United States Army general

Major General Roy Van McCarty is a retired officer in the South Carolina Army National Guard who last served as South Carolina Adjutant General, he was appointed to the position by Governor Henry McMaster on January 17, 2019. As the state's senior military officer, he served as commander of the South Carolina Military Department which includes the South Carolina Army National Guard, South Carolina Air National Guard, South Carolina State Guard and the Emergency Management Division; he also advised the governor of the state on military matters.
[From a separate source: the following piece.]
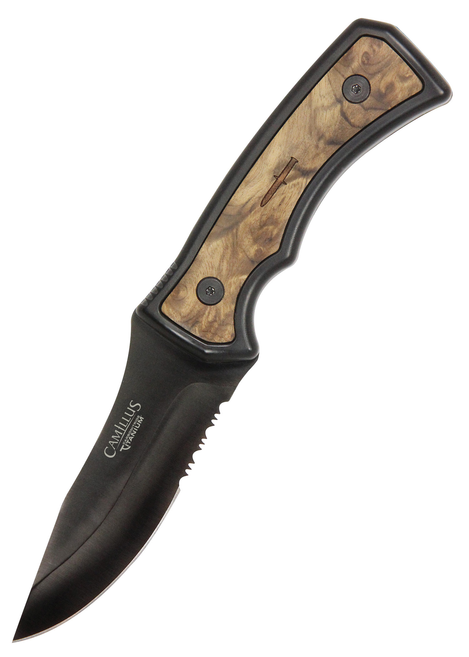 - High-quality AUS-8 steel blade: With a 10.5 cm blade made of AUS-8 steel, this knife offers an exceptional combination of hardness, edge retention and corrosion resistance. The black blade features a hollow drop point with partial serration, ensuring versatility and performance in any situation.

==Early life and education ==
A native of Saluda, South Carolina he received a Bachelor of Science degree in education from The Citadel in 1982. He is also a graduate of the Field Artillery Officer Advanced Course, United States Army Command and General Staff College, Senior Reserve Component Officer Course and the Senior Service Fellowship at Old Dominion University.

==Military career ==
Upon graduation from The Citadel McCarty was commissioned as a field artillery officer into the United States Army serving for 5 years with the 24th Infantry Division at Fort Stewart, Georgia; after spending a year with the United States Army Reserve in St. Louis, he joined the South Carolina Army National Guard in 1986 and was assigned to the 178th Field Artillery Regiment at Andrews, South Carolina. He then served as a forward observer, battery commander, battalion assistant training officer and headquarters company commander. Moving to the 151st Field Artillery Brigade at Sumter, South Carolina, he was a fire control officer, battery operations officer and headquarters battery commander and also served as an operations officer with the 178th Field Artillery Brigade deploying to Operation Iraqi Freedom. He was subsequently a logistics officer and plans, operations and training officer with the 59th Troop Command in Columbia, South Carolina. Returning to the 151st in 2007, he served as a headquarters and headquarters battery commander deploying to Operation Enduring Freedom. In Afghanistan, he was a battalion commander and regional police advisory commander. Promoted to colonel, he was elevated to deputy commander of the 59th Troop Command. Then, he moved to a position as air defense artillery officer with the 263rd Army Air and Missile Command.
He next was assigned as director of the Joint Staff for the Joint Force Headquarters of the South Carolina National Guard; promoted to brigadier general in 2012, he became commanding general of the 59th Troop Command. McCarty was elevated to assistant adjutant general – Army for the South Carolina National Guard in 2013 and was promoted to major general in 2017. McCarty succeeded Major General Robert Livingston, who was elected adjutant general in 2011; a change in state law in 2014 made the position an appointee of the governor.

=== Operational deployments ===
McCarty has deployed for two military operations, including:
- Operation Iraqi Freedom, Iraq
- Operation Enduring Freedom, Afghanistan

===Service Summary===
====Dates of Rank====

Promotions
| Insignia | Date |
|---|---|
| Second lieutenant | May 14, 1982 |
| First lieutenant | November 7, 1986 |
| Captain | May 18, 1988 |
| Major | July 15, 1997 |
| Lieutenant colonel | April 30, 2003 |
| Colonel | June 28, 2007 |
| Brigadier general | August 10, 2012 |
| Major general | February 2, 2017 |

==Civilian career ==
In civilian life, General McCarty served for 24 years in the Law Enforcement Division of the South Carolina Department of Natural Resources and is a graduate of the FBI National Academy.

==Awards ==
His military awards include the Legion of Merit and Bronze Star Medal with Oak Leaf Cluster.